The alternative is for the corporate client to have a direct PPA with a private electricity generator (IPP) on-site, isolated from the utility’s distribution network. In this case, the corporate has full access to the IPP’s supply of electricity. Another advantage of this option is that a corporate’s electricity costs are fixed and predictable without expensive network charges and should decrease over time to reflect the declining costs of renewable energy.
The onsite RE generation will require physical space which might not be available or only available at additional rental cost. Feed-in tariffs for surplus electricity tend to be lower than purchase tariffs meaning that the corporate will still pay for unused electricity.
In a sleeved PPA, the corporate buys electricity from a specific RE project (not necessarily onsite) under a long-term contract for a specified load. The IPP hedges the corporate’s load with the RE project for the same contract term as the corporate’s retail contract. No electricity is purchased by the corporate directly from the RE project.
The corporate’s electricity costs are partially fixed and should decrease to reflect the lower cost of renewable energy from the IPP. No land is required at the corporate’s premises for the RE project as that is located offsite. Multiple corporates could pool their loads to make the IPP less dependent upon a single client.
If the corporate is the only, or primary buyer from the IPP, the IPP faces the risk of default should the corporate cease operating. The power purchase must comply with existing PFMA and MFMA regulations.
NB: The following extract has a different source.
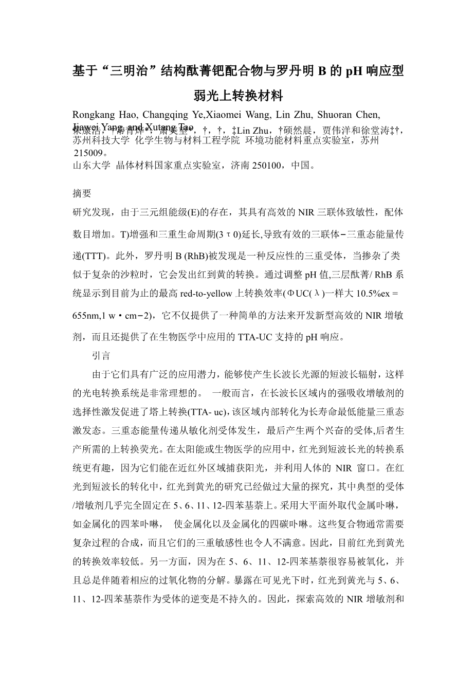 - 氢键控制的柔性共价有机骨架的结晶度和吸附 性能的机理研究外文翻译资料

The corporate client buys electricity from a specific renewable energy project by means of a PPA with an IPP. Electricity is wheeled by the utility from the IPP to the corporate, although the corporate does not buy electricity from a particular RE project.
The corporate’s electricity costs are partially fixed and should decrease to reflect the lower cost of renewable energy. Corporates could pool their loads.
This option offers no guarantee of system availability since electricity is wheeled through the utility’s existing network. The cost of wheeling might make this option unattractive.
Four panel discussions, involving a total of 17 panellists discussed various aspects of corporate PPAs including African examples; trends, opportunities and challenges; financing options and global developments.
The seminar showed that corporate PPAs can provide a number of benefits, such as unlocking the potential of distributed RE capacity, lowering the average price of electricity and keeping it low, while increasing the amount of electricity available. Other advantages include the promotion of generating electricity from clean, renewable primary energy sources and increasing the use of the electricity network without explicit government guarantees, although a supportive regulatory environment will be required. An increasing demand for renewable energy will also increase job opportunities while efficiently addressing South Africa’s electricity crisis.